▸ WORK ORDER:
The copy should hold only the line containing "10.56 Complaints in" and the lines after it through the end of the material, each exact, with no pictures.

▸ PROVIDED MATERIAL:
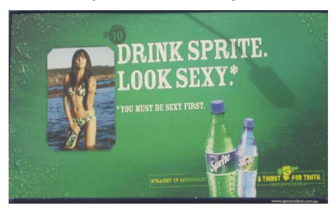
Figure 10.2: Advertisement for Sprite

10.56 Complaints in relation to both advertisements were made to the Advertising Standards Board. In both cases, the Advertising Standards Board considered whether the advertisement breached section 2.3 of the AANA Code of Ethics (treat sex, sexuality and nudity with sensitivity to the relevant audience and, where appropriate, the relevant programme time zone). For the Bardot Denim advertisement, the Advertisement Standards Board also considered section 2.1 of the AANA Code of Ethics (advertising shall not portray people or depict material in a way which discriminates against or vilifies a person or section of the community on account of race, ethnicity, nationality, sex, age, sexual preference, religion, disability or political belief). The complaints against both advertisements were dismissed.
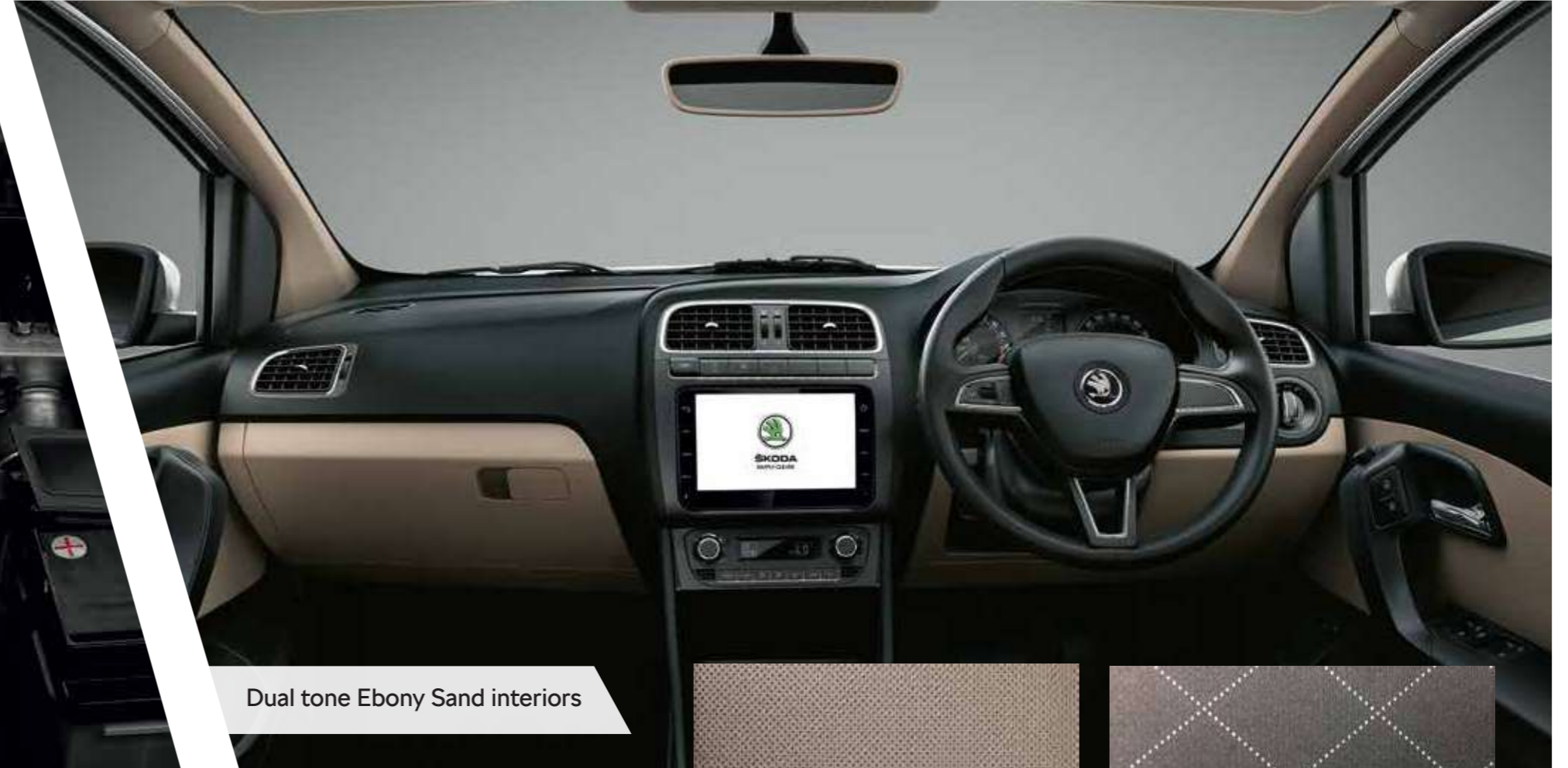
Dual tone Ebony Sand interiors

▸ ANSWER TO THIS PROBLEM:
10.56 Complaints in relation to both advertisements were made to the Advertising Standards Board. In both cases, the Advertising Standards Board considered whether the advertisement breached section 2.3 of the AANA Code of Ethics (treat sex, sexuality and nudity with sensitivity to the relevant audience and, where appropriate, the relevant programme time zone). For the Bardot Denim advertisement, the Advertisement Standards Board also considered section 2.1 of the AANA Code of Ethics (advertising shall not portray people or depict material in a way which discriminates against or vilifies a person or section of the community on account of race, ethnicity, nationality, sex, age, sexual preference, religion, disability or political belief). The complaints against both advertisements were dismissed.
Dual tone Ebony Sand interiors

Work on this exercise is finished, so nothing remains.